Регистрация прошла быстро, солдатики-писари не рассусоливали. К вечеру сформировали  по командам, огласили список и три часа на сборы. В двадцать один ноль- ноль у военкомата. Прибежал Миша домой, посмотрел на зареванную мать. Так сердце сжалось, все детство как один день перед глазами пролетело. Вспомнилось лето, дача на Истре, малинник душистый весь в пчелах, малина гроздьями крупная, как виноград, сладкая. Речка тихая и спокойная, с рыбалкой да с костерком. С ушицей  из карасей, наваристая, что аж руки слипаются. Когда оно теперь будет, да и будет ли? Такая тоска взяла.

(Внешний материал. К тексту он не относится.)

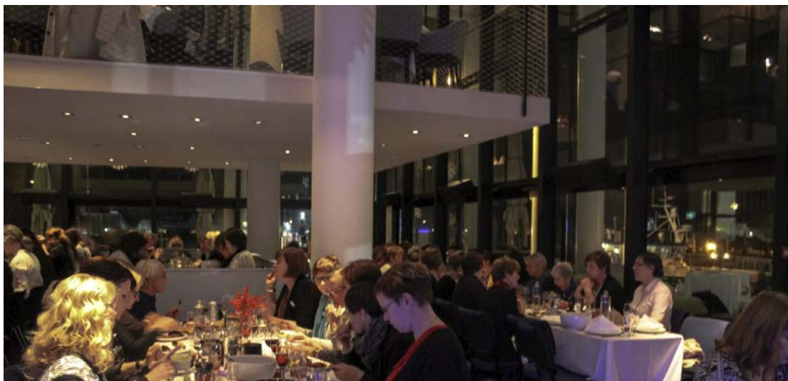
MIDDAG: Kongressen ble avrundet med middag på Du Verden.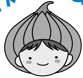
東区マスコットキャラクター「タッピー」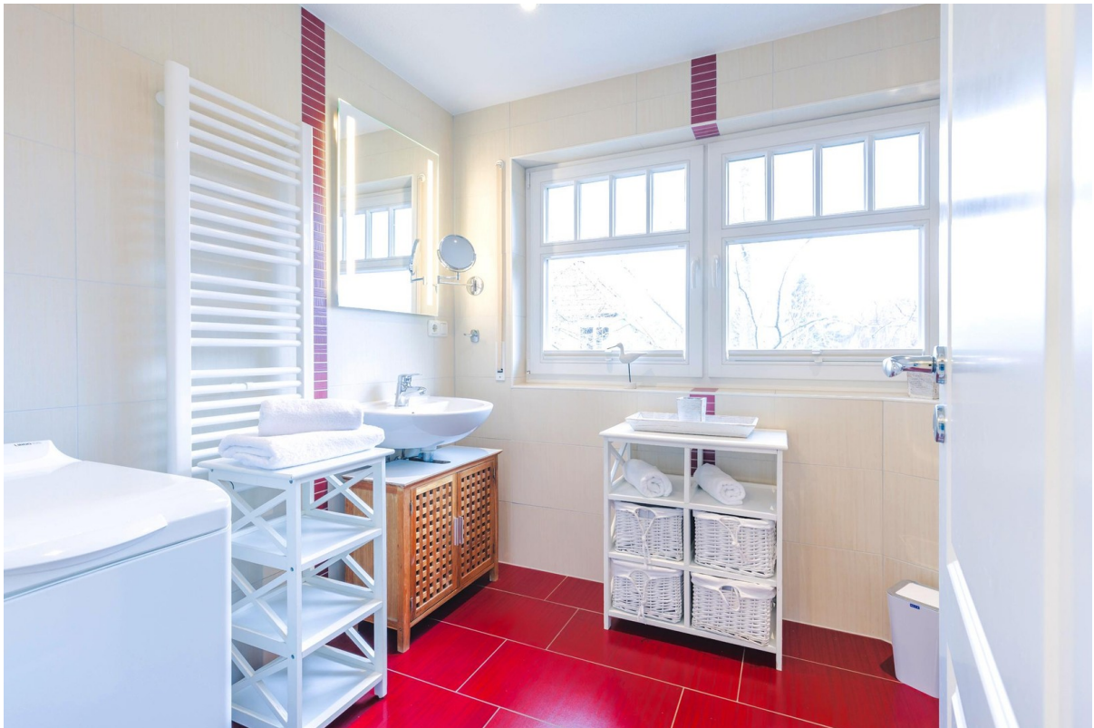
2. Badezimmer im OG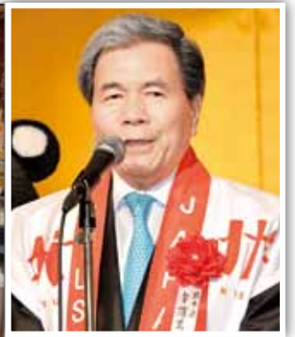
来賓挨拶する蒲島郁夫熊本県知事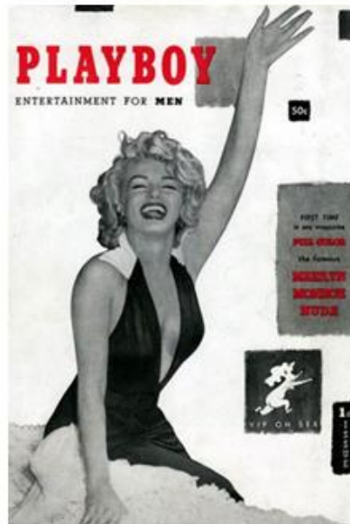
Portada de Playboy (Marilyn Monroe). Primera edición, diciembre de 1953. (53.991 revistas)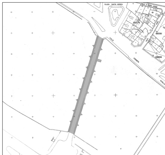
Cartográfico C.G.C.C.T 1980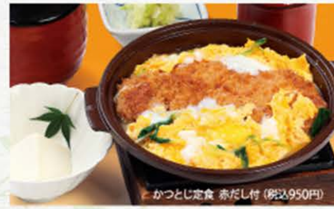
かつとじ定食 赤だし付(税込950円)

赤だし付 780円 (税込842円) うどん又はそば付 980円 (税込1,058円) ぶり造り・赤だし付 1,080円 (税込1,166円)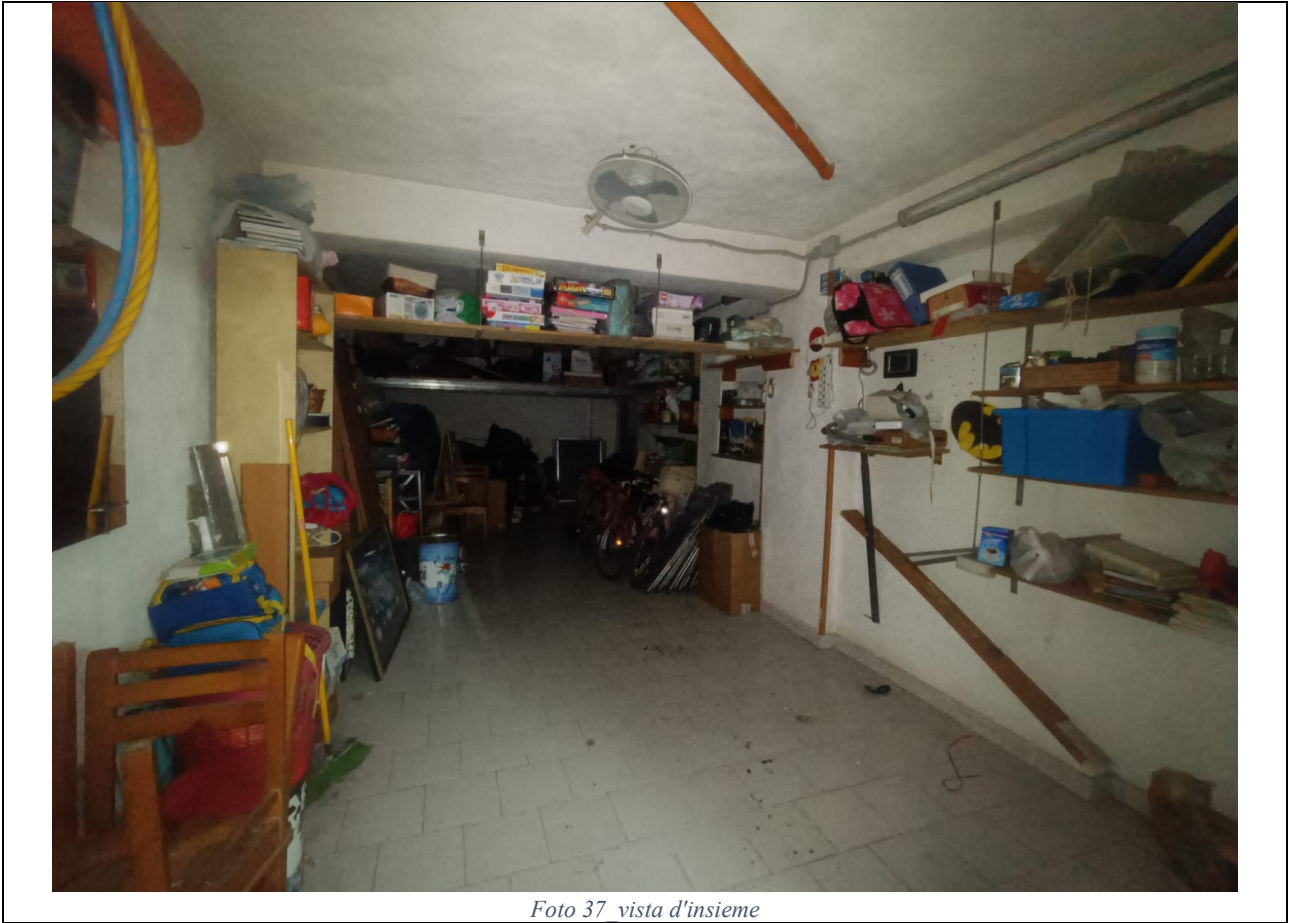
Foto 37 vista d'insieme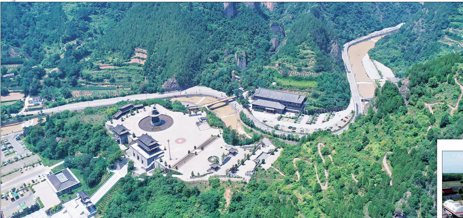
风景如画的九龙山旅游公路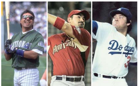
Los mexicanos que han participado en el Juego de Estrellas de la MLB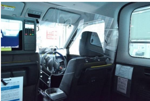
飛沫感染防止のためのシールド(タクシー)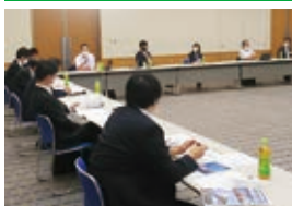
ソーシャルディスタンスを意識した座席の配置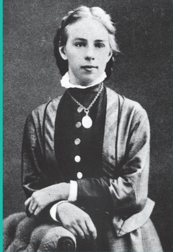
Emilie Kempin-Spyri, vers 1885.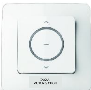
Télécommande 2 canaux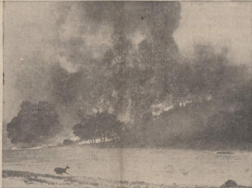
Didelis miško gaisras Hidden Valley, Kalifornijoje, vos kelios mylios nuo Los Angeles apskrities linijos. Gaisras gesinę 200 žmonių nieko tuo tarpu negalėjo padaryti. Vaizde matoma iš gaisro bėgančių stirma.

Pakeliui į pripažinimą Keistai atrodo berlyniečiams ir Vakarų šalių sutikimas leisti Rytų Vokietijos kariuomenei, policijai tikrinti transportus tarp Berlyno ir Vakarų Vokietijos, laikant juos tik Sovietų Sąjungos "agentais". Kaip jie juos ir bevardintų, tai būtų bene paskutinis žingsnis į Rytų Vokietijos faktišką pripažinimą.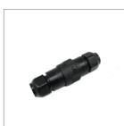
Connettore rapido IP 2 poli LKITA00000000017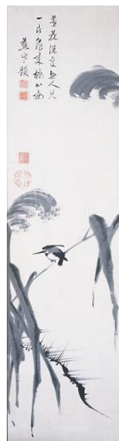
伊藤若冲 芦花翡翠図 1幅 大光明寺蔵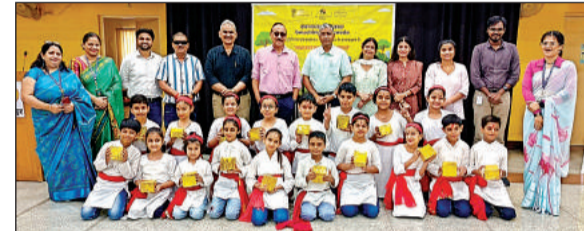
शील्ड व प्रशस्तिपत्र के साथ बच्चे।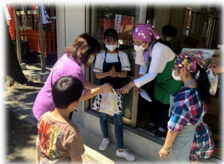
おおたラーメンこども食堂 (本羽田)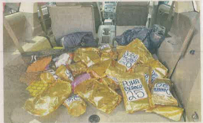
En la cajuela de una camioneta en la que intentaron huir, los detenidos llevaban 15 kilos de mariguana.

La Policía desplegó un operativo y luego de una breve persecución, fueron detenidos a bordo de una camio-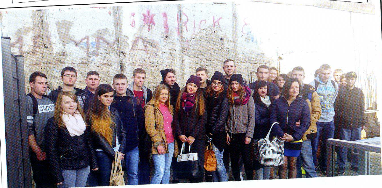
Wycieczka „Śladami muru berlińskiego”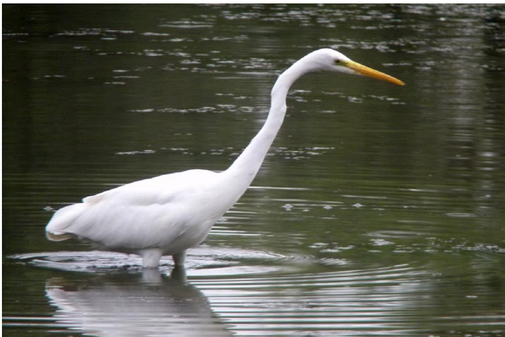
Grote zilverreiger

Op 29/12 vloog een groep van 30 toendrarietganzen in NW richting over de Hobokense Polder (JP).

Первый раз в жизни почувствовал Мишка, что чего-то он лишается раз и навсегда. Самого главного, самого светлого и неповторимого.
*  *  *
Проснулись рано, только рассвело. Не договариваясь заварили «паренки» ( крепкий чай), молча, без особых разговоров пили. У каждого в голове свои мыслишки. Как бы пристроится, чтобы поменьше копытами шевелить. Всякого навидались. Был у кого-то за плечами  лесоповал, у кого-то каменоломня, а вот рыбокомбината точно небыло. Пришёл  «начальник» - бригадир, весёлый парень Толик, крикнул с порога  приветливо - здорова мужики.
-Здоровей видали, че орешь с утра?- Возмутился худой невысокого роста «герой».
-Ну,  я, это... Приветствую. Давайте мужики, собирайтесь, пойдём на комбинат.
-Где ты мужиков увидал - не унимался худой.
-Да ладно, остынь. Не наезжай. - Не выдержал Андреич.
-А че я? я ни че. Так пошутил - ретировался худой.
Вышли на улицу пошли в сторону комбината, воздух чистый, просвечивается солнечными лучами, как горный хрусталь. Запах с реки рыбный, вперемешку с соляркой от работающих дизелей на судах и воды свежей речной. Шли молча. Справа и слева из прилегающих улиц шли рабочие,  вливаясь в стройный ряд, как рукава реки все сильней и сильней наполнявшие основное русло. Все как один одеты в спецовки синего цвета и резиновые сапоги, как на показе моды.
*  *  *
Восток побагровел. Зазвучали  первые разборки воробьёв. В небе защебетали белогрудые ласточки. День потихоньку пробуждался от сна. Повеяло лёгким ветерком, называемый местными рыбаками «моряна». Внизу, под бугром у реки от воды, подымался густой туман. Андреич достал папиросу, закурил. Глубоко затянулся, закашлял.
 -Мать их так, эти папиросы.- Сколько уж раз собирался бросить , все ни как не получается. И врачи все в одну дуду, мол, бросать надо с Вашим желудком, да где уж там. Жить то осталось всего ничего.  Вот в Италии был табак. Турецкий, лучших сортов. И стоил после войны копейки, лиры по ихнему. Да и жизнь в Италии был совсем другая.  Там была любовь и море. Уважали там  Андреича местные аристократы. Ну да как – же, мастер, да ещё какой. Их Фиаты и Альфа-Рамео, как семечки щелкал.  Моторы у них тогда уже, были на загляденье. Много было разных автомастерских в округе, а ехали к нему, к русскому Мише. Знали, что русский сделает на совесть, а итальяшки как цыгане, лишь - бы впарить. Жили итальянцы как и русские очень бедно после войны. Им американцы каждый день в порту раздавали гуманитарную помощь. Не ахти какую но выжить можно было. Да и климат там другой, тепло, а значит и все растет хорошо. Можно и овощами обойтись, да легендарными итальянскими макаронами, спагетти по ихнему.